Yui Tanimura has a degree in psychology, which, in the context of his childhood dream to become a professional baseball player, could be considered a failure and, in the context of his subsequent career as a video game designer, could be considered irrelevant. And yet, it's training that has served him well in his current task: crafting the sequel to From Software's unlikely 2011 hit, Dark Souls. For one, his background has provided him a few theories on why that curious game, which so forcefully eschewed mainstream fashions with unrelenting challenge, unfashionable style and a mere whisper of a storyline, has sold more than 2.3 million copies to date.
"It's about the satisfaction of overcoming a challenge," he says. "When you see somebody clenching their fist in happiness at some victory over defeat: that is a peculiarly human reaction. And it's something that games are well placed to tap into. People claim that Dark Souls is a difficult game, but the difficulty, if you want to call it that, is only a means to amplify the elation."
The 'difficult' tag - if you want to call it that - has long been attached to Dark Souls and, if early demos of Tanimura's sequel are representative of the whole, will be similarly and somewhat unthinkingly applied to its sequel too.
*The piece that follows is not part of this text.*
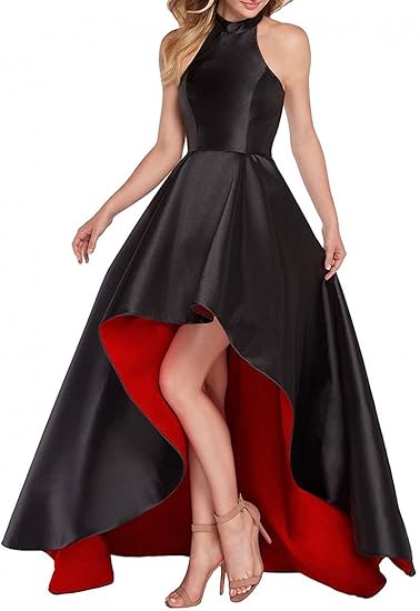 Dannifore Women S Halter High Low Evening Party Dress Satin Prom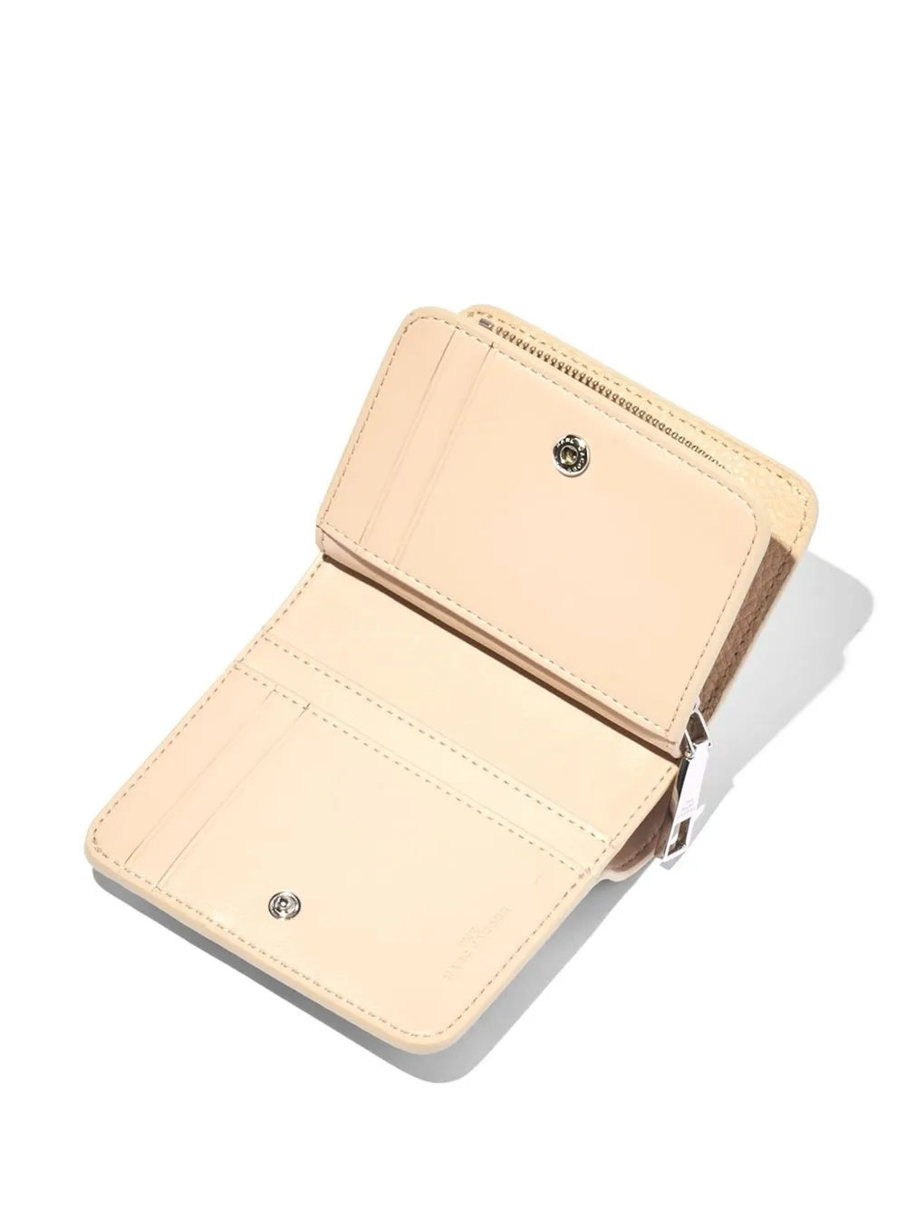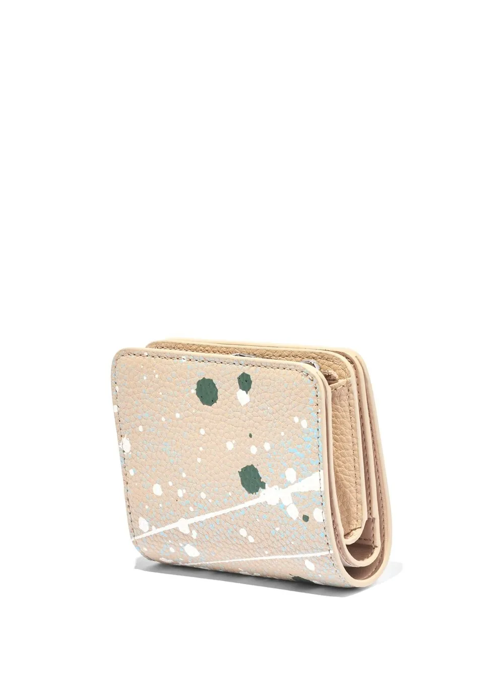 Beige/multicolour leather The Snapshot Splatter mini wallet from Marc Jacobs featuring paint splatter detail, silver-tone hardware, logo plaque, front press-stud and zip fastening, card slots, coin pocket and internal note compartments.

But it is something of a misnomer (even if it's one perpetuated by the original game's accompanying advertising campaign, which issued the bleak warning: Prepare to Die). But in truth Dark Souls' character is one of unrelenting fairness. The feeling as you set out time and again to penetrate a little deeper into Dark Souls' world with its cliff tops patrolled by skeletons and valleys guarded by hydra is one of banging a weak fist against overwhelming odds. But this is a game that simply demands its player improves their skills in order to progress - and the rewards for those who persevere are as lasting as the muscle memory gained along the way.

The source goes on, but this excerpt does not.